• **To do**
Look through the data below for the line with "这意味着,比亚迪已经从单一品" and the line with "În urma conflictului", then transcribe exactly from the first through the second, leaving out all pictures.
*** Material supplied Section Begins ***
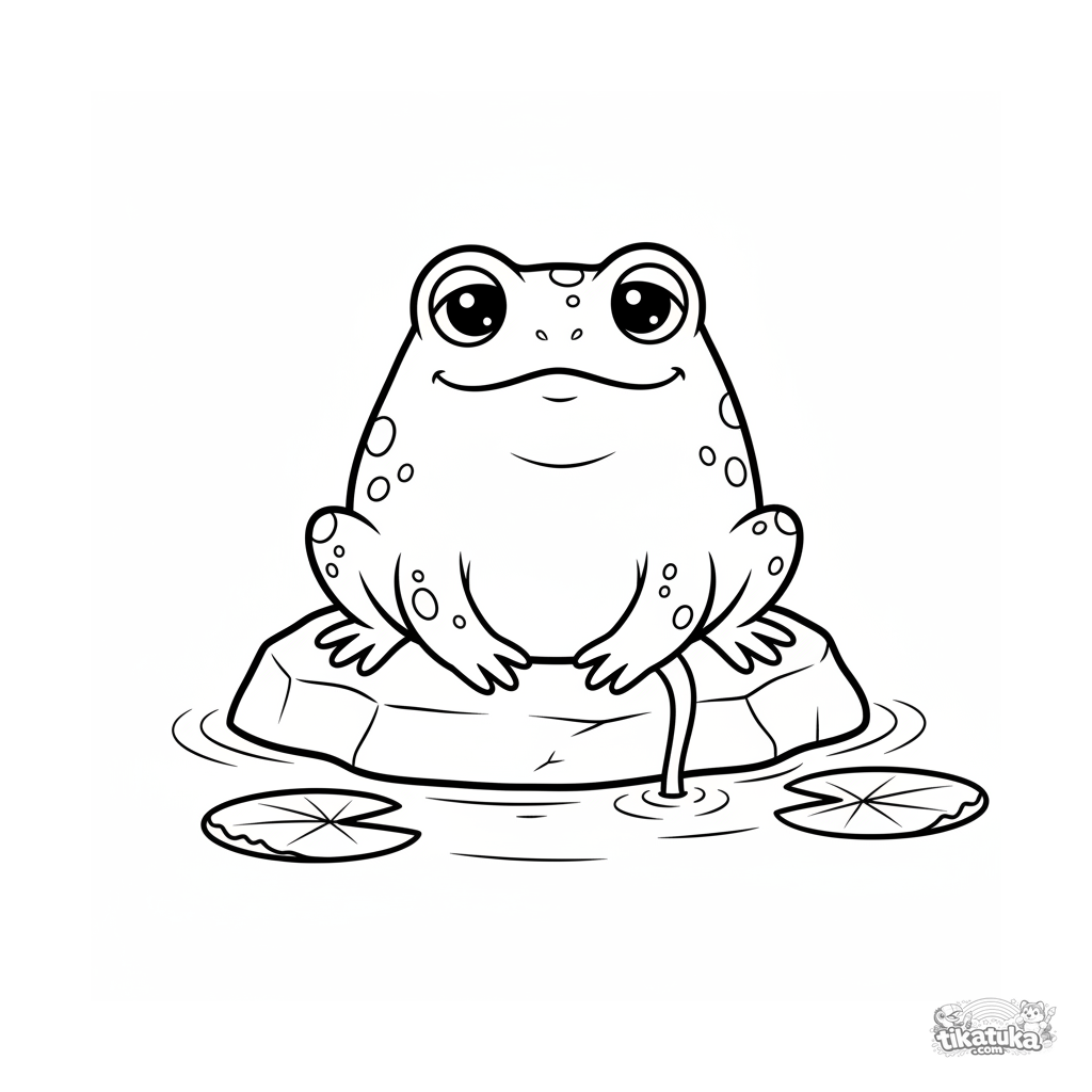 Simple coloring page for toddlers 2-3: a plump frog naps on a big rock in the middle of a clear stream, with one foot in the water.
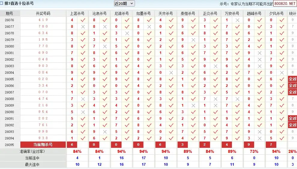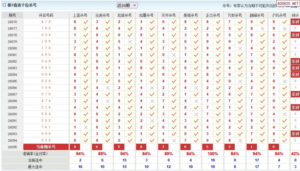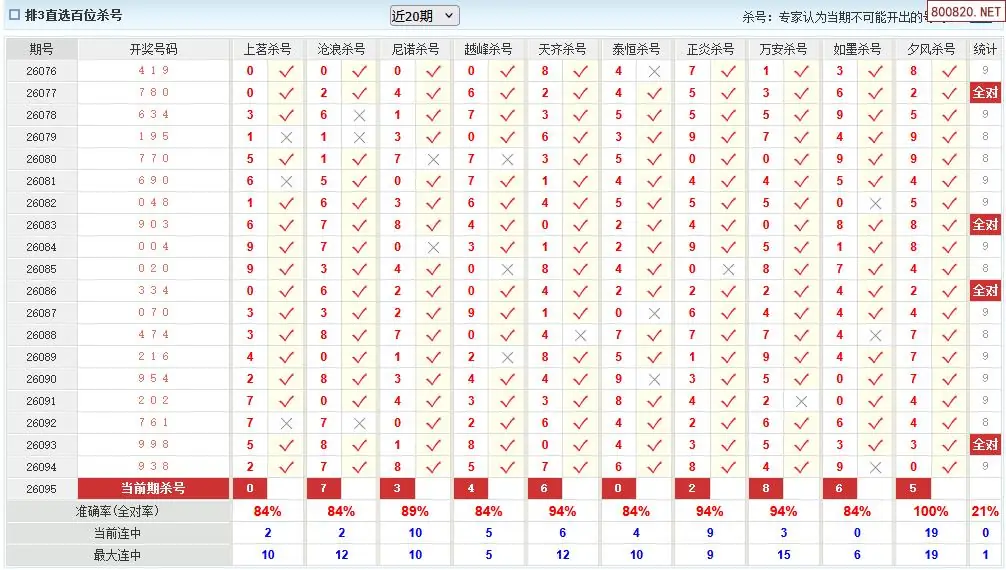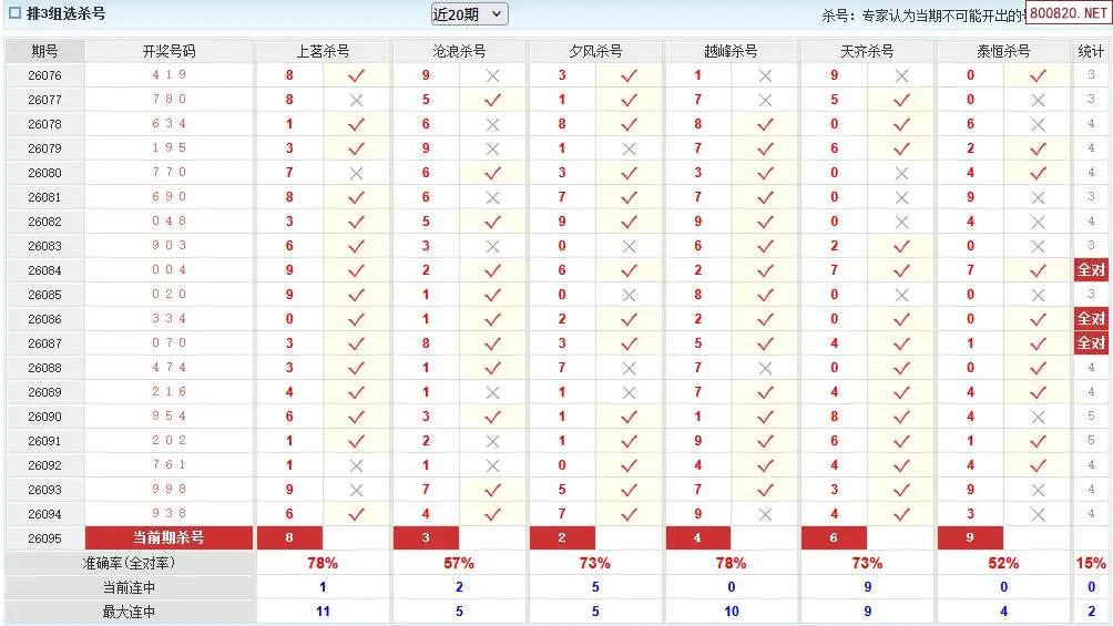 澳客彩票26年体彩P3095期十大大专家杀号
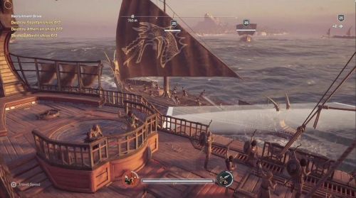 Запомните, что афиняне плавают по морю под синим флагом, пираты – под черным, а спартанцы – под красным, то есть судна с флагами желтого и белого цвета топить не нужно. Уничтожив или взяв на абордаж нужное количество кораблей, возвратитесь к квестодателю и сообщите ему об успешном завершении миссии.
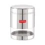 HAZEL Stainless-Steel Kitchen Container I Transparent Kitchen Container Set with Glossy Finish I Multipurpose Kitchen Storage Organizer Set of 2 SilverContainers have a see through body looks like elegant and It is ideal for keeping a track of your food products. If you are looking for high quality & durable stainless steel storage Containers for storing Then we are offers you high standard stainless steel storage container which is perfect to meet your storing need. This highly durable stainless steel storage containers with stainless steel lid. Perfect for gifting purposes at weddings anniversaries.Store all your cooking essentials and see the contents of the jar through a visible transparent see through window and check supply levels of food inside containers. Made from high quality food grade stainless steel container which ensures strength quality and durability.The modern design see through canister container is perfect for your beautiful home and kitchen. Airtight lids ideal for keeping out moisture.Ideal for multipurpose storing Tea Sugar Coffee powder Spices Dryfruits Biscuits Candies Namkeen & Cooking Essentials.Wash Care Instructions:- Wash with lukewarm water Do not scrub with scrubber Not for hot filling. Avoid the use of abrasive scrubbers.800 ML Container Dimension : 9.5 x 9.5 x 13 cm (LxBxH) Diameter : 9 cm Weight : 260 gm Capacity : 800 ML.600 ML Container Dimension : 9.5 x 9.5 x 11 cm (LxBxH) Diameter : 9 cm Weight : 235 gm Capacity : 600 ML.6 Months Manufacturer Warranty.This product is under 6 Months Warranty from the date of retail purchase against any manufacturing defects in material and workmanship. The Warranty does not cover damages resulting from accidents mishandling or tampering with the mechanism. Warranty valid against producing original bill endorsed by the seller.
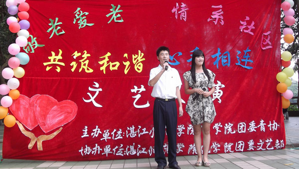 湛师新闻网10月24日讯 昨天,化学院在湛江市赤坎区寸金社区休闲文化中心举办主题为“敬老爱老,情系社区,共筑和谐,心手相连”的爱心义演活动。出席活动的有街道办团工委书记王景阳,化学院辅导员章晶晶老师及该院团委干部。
*** Material supplied Section Ends ***
*** Material supplied Section Begins ***
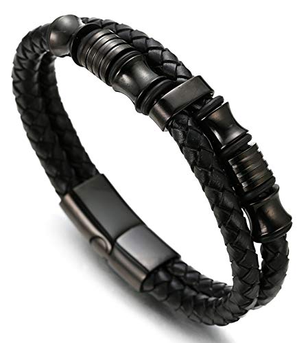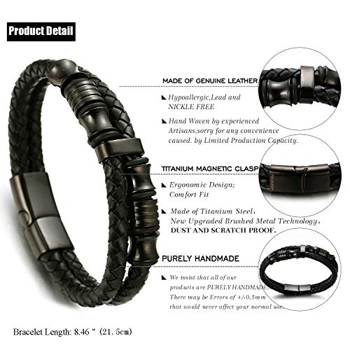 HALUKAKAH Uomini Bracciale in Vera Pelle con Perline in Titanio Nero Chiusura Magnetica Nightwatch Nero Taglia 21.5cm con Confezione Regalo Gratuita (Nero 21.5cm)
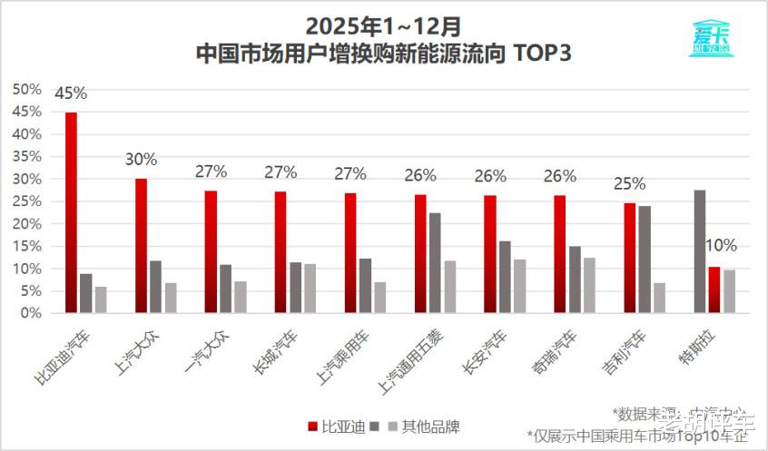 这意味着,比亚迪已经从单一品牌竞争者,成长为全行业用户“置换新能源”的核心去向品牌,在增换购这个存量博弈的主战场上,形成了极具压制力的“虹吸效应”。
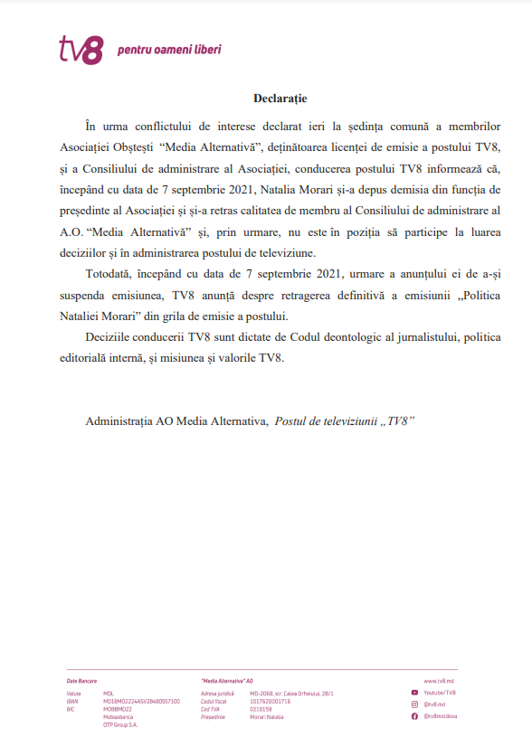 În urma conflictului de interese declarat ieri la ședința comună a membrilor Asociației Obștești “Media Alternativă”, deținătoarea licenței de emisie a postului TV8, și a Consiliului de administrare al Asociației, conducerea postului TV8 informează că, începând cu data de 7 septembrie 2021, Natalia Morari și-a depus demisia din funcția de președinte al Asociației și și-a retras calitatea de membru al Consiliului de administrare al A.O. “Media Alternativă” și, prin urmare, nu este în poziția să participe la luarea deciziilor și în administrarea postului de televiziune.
*** Material supplied Section Ends ***
• **Response to this task**
 这意味着,比亚迪已经从单一品牌竞争者,成长为全行业用户“置换新能源”的核心去向品牌,在增换购这个存量博弈的主战场上,形成了极具压制力的“虹吸效应”。
 În urma conflictului de interese declarat ieri la ședința comună a membrilor Asociației Obștești “Media Alternativă”, deținătoarea licenței de emisie a postului TV8, și a Consiliului de administrare al Asociației, conducerea postului TV8 informează că, începând cu data de 7 septembrie 2021, Natalia Morari și-a depus demisia din funcția de președinte al Asociației și și-a retras calitatea de membru al Consiliului de administrare al A.O. “Media Alternativă” și, prin urmare, nu este în poziția să participe la luarea deciziilor și în administrarea postului de televiziune.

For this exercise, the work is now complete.